January 22, 2001 By THE ASSOCIATED PRESS Filed at 9:45 a.m. ET

JACKSON, Miss. (AP) -- Byron De La Beckwith, the white supremacist convicted after three decades and three trials of assassinating civil rights leader Medgar Evers, has died while serving life in prison, marking what Evers' brother called the ``final chapter'' of a troubling story.

Beckwith, 80, died Sunday night at University Medical Center where he had been taken from his prison cell.

Hospital spokeswoman Barbara Austin would not comment on the cause of death, saying that would be for the coroner to determine. Beckwith had a history of high blood pressure, heart problems and other ailments.

Evers, a 37-year-old NAACP field secretary who pushed for an end to segregation, was shot in the back on June 12, 1963, after stepping out of his Oldsmobile.
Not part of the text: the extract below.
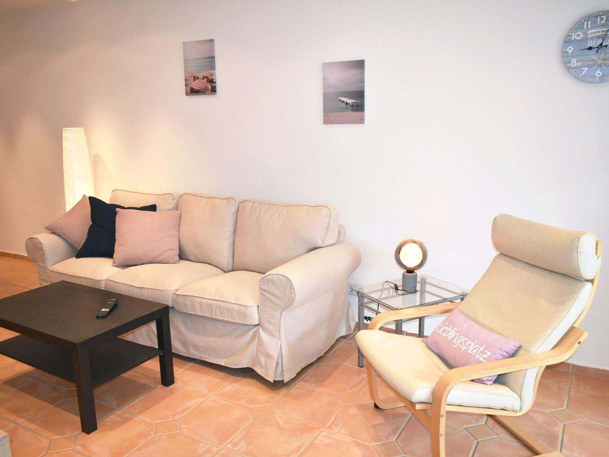 Wohnzimmer: 2 Sessel, Bauernschrank, Bügelbrett, Couch, Couchtisch, Smart TV, TV-Anrichte, wandhängender Kabel-TV Flachbildschirm, Wäscheständer

He was walking to his house with an armful of ``Jim Crow Must Go'' T-shirts.

The slaying haunted the Evers family, Charles Evers, a veteran civil rights activist, said in a telephone interview early Monday with The Associated Press.

``What do you say? Finally, it is all over,'' Evers said. ``I don't want to say anything negative about him because we know what he did.''

Beckwith's philosophy left no room for blacks, Jews, Asians or any race other than white.

``There are only three kinds of people that live in Mississippi,'' Beckwith told The Clarion-Ledger of Jackson, Miss., in an interview shortly before his arrest in 1990. ``Whites, colored and trash, and there's very little trash in Mississippi.''

Beckwith said that while he was ``not willing to lay my life down to rid evil from this country,'' he was ``willing to kill the evil in this country that would try to push me out.''

Beckwith wore a Confederate flag pin on his lapel throughout the 15 days of jury selection, testimony and deliberation of the 1994 trial that sent him to prison.

The deer rifle used to kill Evers was found abandoned in a nearby empty lot and Beckwith's fingerprint was found on it. But the former fertilizer salesman insisted he was 90 miles away in Greenwood when Evers was murdered.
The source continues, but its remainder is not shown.